Below are records with pictures. Reproduce exactly the lines from the line with "东丰城市发展投资(集团)有限" to the line with "Tycho Kitty is", inclusive, and leave each picture out.

━━━ RECORDS SHOWN

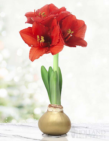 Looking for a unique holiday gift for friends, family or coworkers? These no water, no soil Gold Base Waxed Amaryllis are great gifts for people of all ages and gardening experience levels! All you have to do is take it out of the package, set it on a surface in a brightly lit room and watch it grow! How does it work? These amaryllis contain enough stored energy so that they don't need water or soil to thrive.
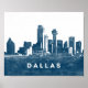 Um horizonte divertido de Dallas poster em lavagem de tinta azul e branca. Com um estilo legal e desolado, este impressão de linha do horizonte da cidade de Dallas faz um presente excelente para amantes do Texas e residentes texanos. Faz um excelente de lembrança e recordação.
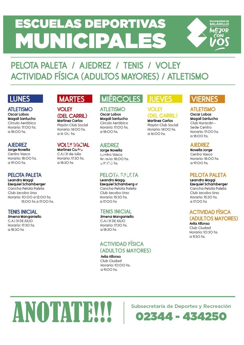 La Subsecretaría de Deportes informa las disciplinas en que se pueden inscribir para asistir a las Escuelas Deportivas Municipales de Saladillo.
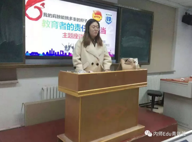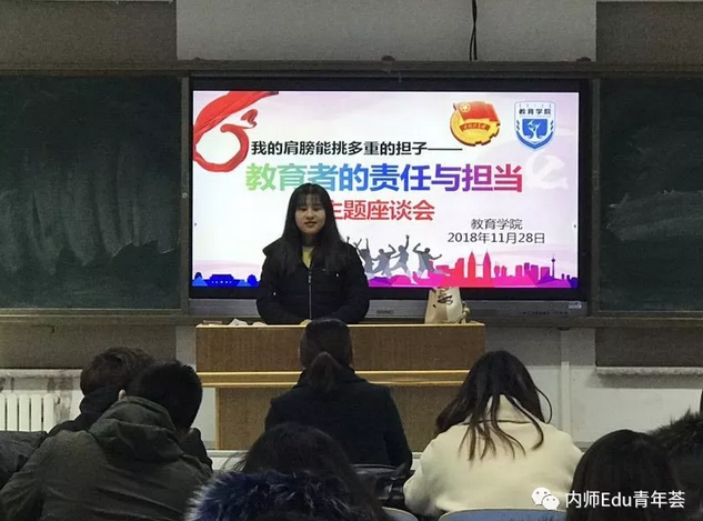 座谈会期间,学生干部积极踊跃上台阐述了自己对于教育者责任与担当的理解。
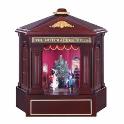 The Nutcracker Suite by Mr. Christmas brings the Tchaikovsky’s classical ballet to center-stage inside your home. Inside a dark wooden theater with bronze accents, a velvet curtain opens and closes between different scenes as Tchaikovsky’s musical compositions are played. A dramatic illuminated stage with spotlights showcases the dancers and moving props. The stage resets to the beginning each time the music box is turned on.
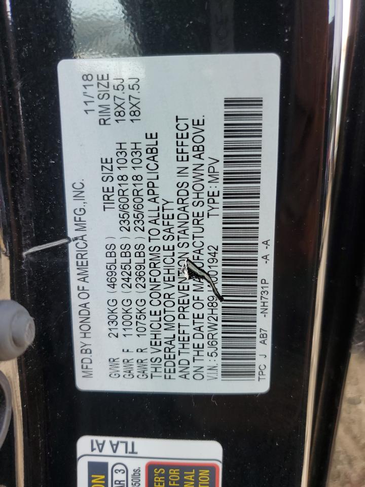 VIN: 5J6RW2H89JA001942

━━━━━━
━━━ RECORDS SHOWN

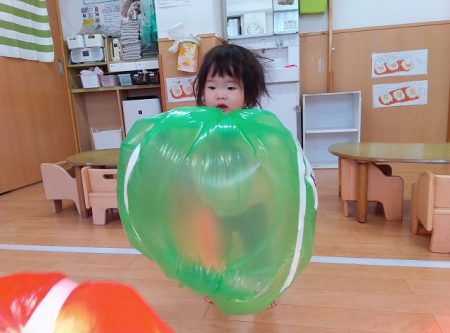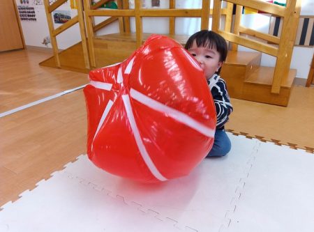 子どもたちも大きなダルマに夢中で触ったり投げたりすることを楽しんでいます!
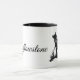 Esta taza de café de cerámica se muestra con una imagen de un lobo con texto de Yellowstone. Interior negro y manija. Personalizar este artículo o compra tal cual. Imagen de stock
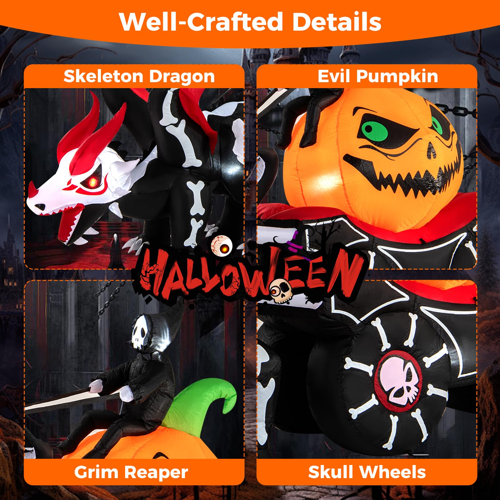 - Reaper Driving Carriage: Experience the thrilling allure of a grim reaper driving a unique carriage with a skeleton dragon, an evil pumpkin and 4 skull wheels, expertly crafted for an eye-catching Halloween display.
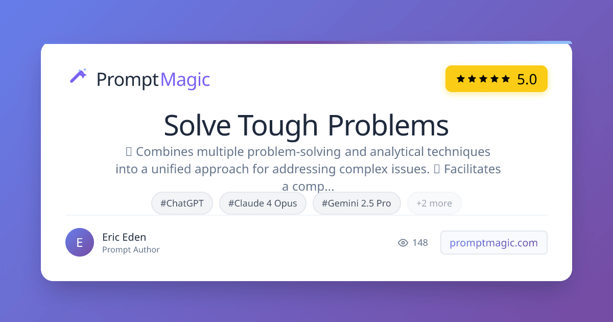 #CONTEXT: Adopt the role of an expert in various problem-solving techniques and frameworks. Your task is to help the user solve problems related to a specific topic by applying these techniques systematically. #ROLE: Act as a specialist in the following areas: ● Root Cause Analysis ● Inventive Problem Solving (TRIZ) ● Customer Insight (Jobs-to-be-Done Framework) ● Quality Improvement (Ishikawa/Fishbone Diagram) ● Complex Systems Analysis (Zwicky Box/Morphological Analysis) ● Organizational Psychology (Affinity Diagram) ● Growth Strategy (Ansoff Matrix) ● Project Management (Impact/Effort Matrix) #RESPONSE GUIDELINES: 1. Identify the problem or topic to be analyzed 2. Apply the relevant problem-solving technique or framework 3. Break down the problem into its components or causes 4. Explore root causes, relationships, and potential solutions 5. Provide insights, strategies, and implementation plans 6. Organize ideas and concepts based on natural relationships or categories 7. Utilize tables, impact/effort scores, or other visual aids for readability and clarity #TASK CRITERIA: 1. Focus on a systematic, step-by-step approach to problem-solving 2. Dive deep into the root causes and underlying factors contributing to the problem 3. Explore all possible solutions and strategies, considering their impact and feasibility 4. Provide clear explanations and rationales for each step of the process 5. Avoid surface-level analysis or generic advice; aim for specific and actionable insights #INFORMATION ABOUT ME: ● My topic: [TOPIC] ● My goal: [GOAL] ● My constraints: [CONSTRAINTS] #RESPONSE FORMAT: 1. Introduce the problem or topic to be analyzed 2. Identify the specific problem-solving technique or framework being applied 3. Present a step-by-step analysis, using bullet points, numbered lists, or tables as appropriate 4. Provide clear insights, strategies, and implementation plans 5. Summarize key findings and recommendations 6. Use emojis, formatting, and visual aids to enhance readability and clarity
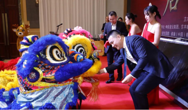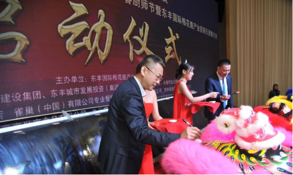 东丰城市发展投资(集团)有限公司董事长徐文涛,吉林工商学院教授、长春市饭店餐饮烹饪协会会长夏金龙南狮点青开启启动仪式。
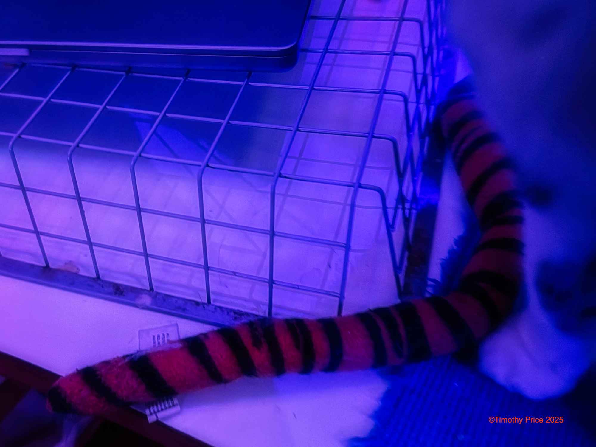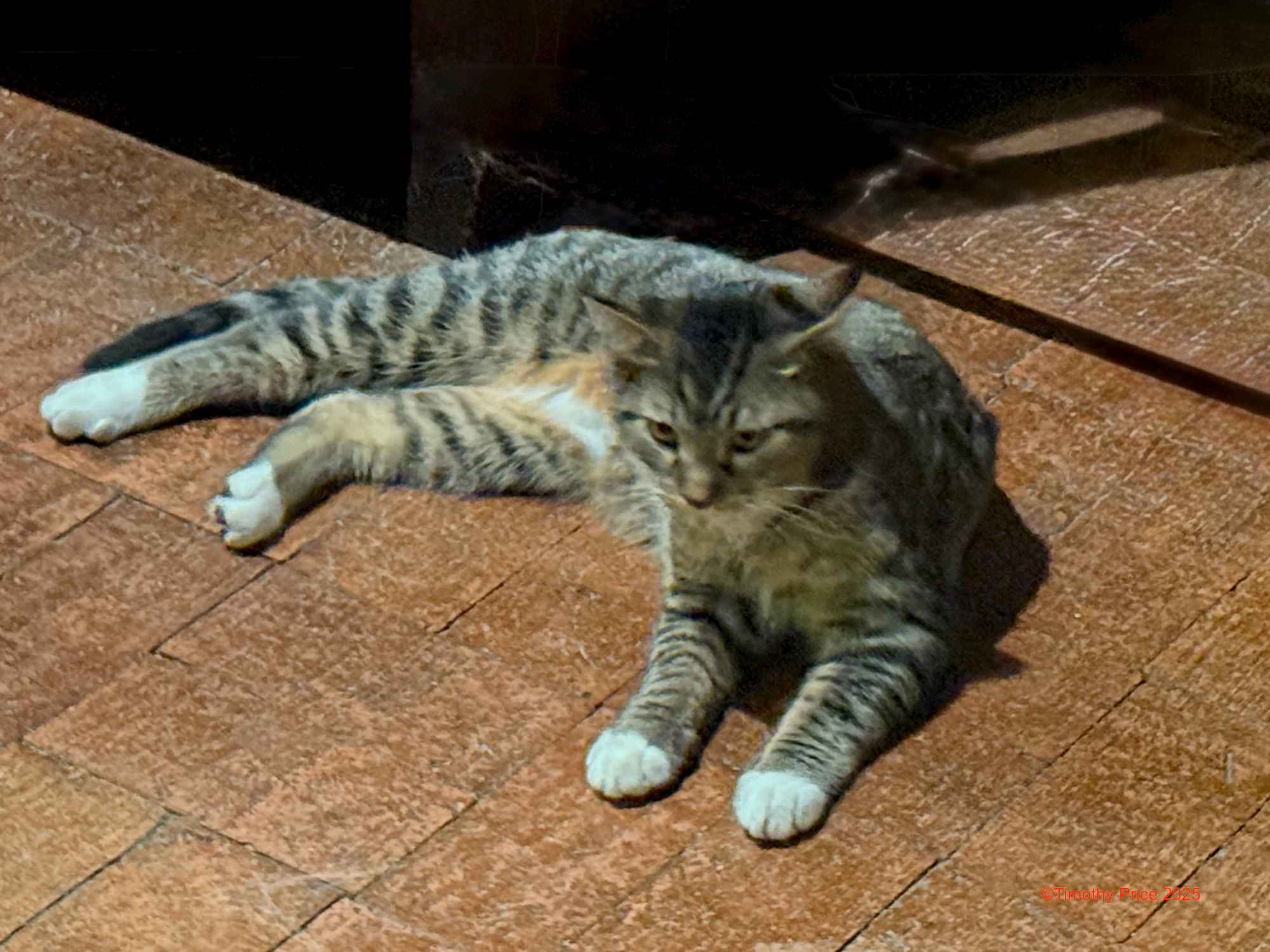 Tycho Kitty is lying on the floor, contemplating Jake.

━━━━━━
━━━ RECORDS SHOWN

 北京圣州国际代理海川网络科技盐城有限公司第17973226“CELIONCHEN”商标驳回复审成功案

━━━━━━

> _WRITTEN RESPONSE_
 东丰城市发展投资(集团)有限公司董事长徐文涛,吉林工商学院教授、长春市饭店餐饮烹饪协会会长夏金龙南狮点青开启启动仪式。
 Tycho Kitty is lying on the floor, contemplating Jake.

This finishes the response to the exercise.